◆ **What is expected**
Print exactly the lines that run from the opening line of the material through the line with "This Tiffany style", and nothing else, leaving out pictures.

*** Information supplied ***

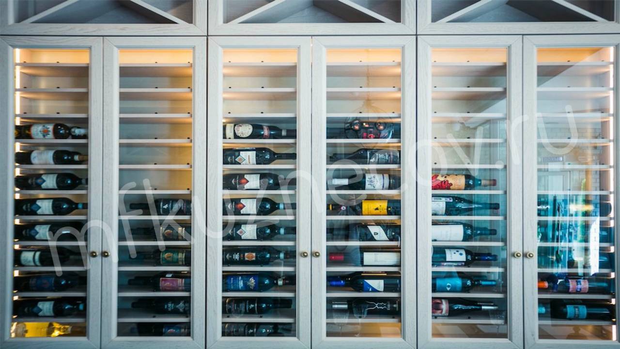 Винные шкафы, двери, остров с эффектом старины, диваны яркого и модного цвета придают помещению невероятный шик.
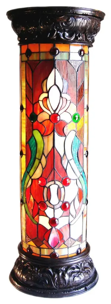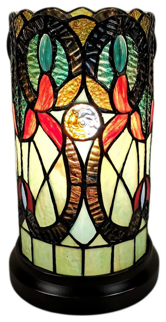 This Tiffany style lamp is hand-crafted using the same techniques that were developed by Louis Comfort Tiffany in the early 20th century. Each piece of glass is hand cut to the perfect shape and size, wrapped in copper foil, and soldered together to create a truly unique piece of art. Made with 168 pieces of hand-cut stained glass and 9 jewels. In-Line rotary on/off switch on the cord. Requires one 40W E26 medium base type G bulb (Not Included). Our lamps are fully compatible with LED bulbs. Shade colors will appear darker and less vibrant when not illuminated. The handcrafted nature of this product creates variations in color, size and design. If buying two of the same item, slight differences should be expected. This stained-glass product has been protected with mineral oil as part of the finishing process. Please use a soft dry cloth to remove any excess oil.
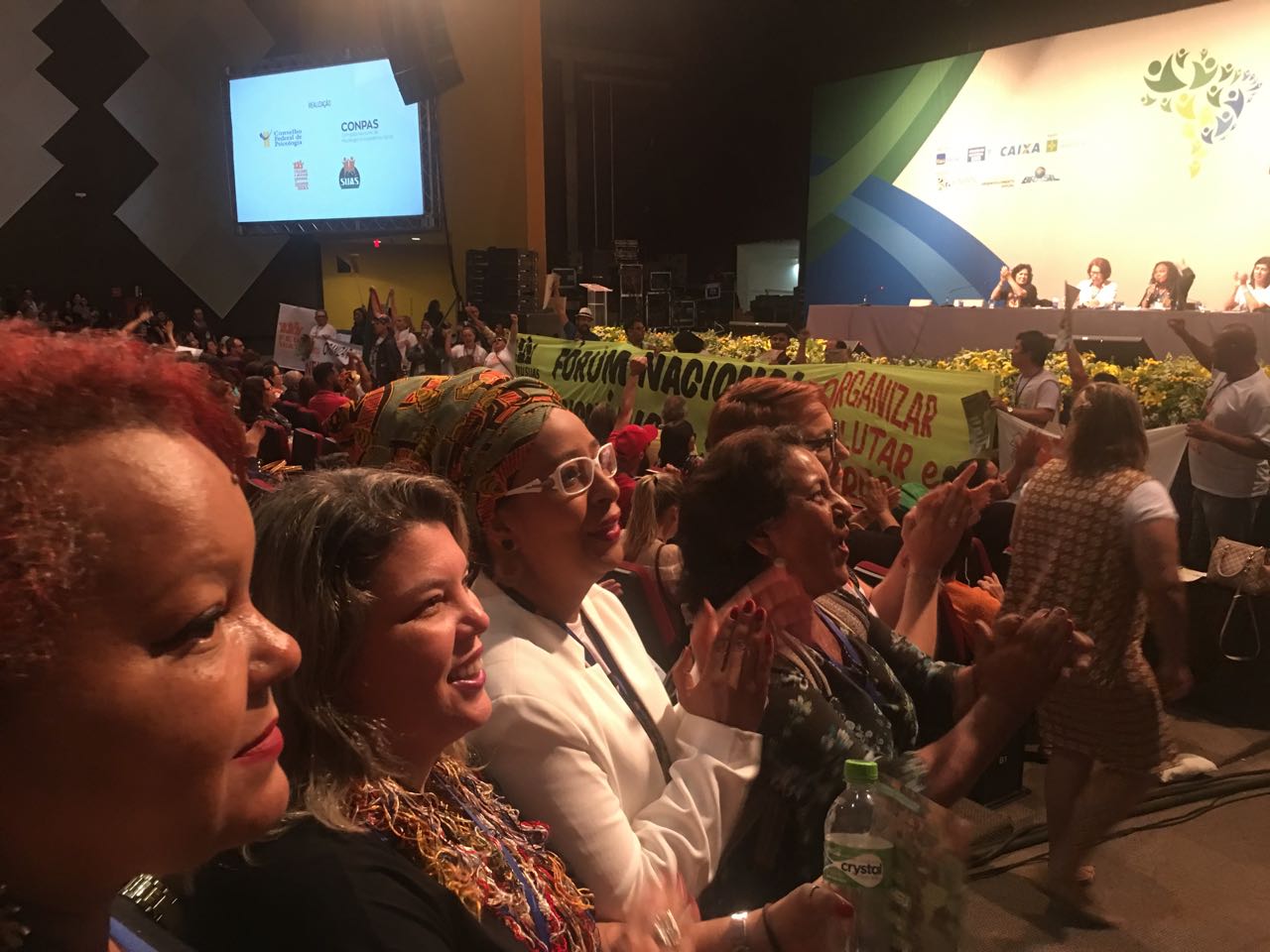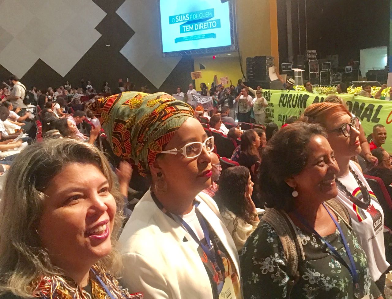 Uma manifestação de profissionais e usuários do Suas, em frente ao Centro de Convenções Ulysses Guimarães, encerrou o dia, demonstrando a insatisfação com o baixo investimento governamental na área da Assistência Social.

*** End of Information supplied ***

◆ **Solved exercise**
 Винные шкафы, двери, остров с эффектом старины, диваны яркого и модного цвета придают помещению невероятный шик.
 This Tiffany style lamp is hand-crafted using the same techniques that were developed by Louis Comfort Tiffany in the early 20th century. Each piece of glass is hand cut to the perfect shape and size, wrapped in copper foil, and soldered together to create a truly unique piece of art. Made with 168 pieces of hand-cut stained glass and 9 jewels. In-Line rotary on/off switch on the cord. Requires one 40W E26 medium base type G bulb (Not Included). Our lamps are fully compatible with LED bulbs. Shade colors will appear darker and less vibrant when not illuminated. The handcrafted nature of this product creates variations in color, size and design. If buying two of the same item, slight differences should be expected. This stained-glass product has been protected with mineral oil as part of the finishing process. Please use a soft dry cloth to remove any excess oil.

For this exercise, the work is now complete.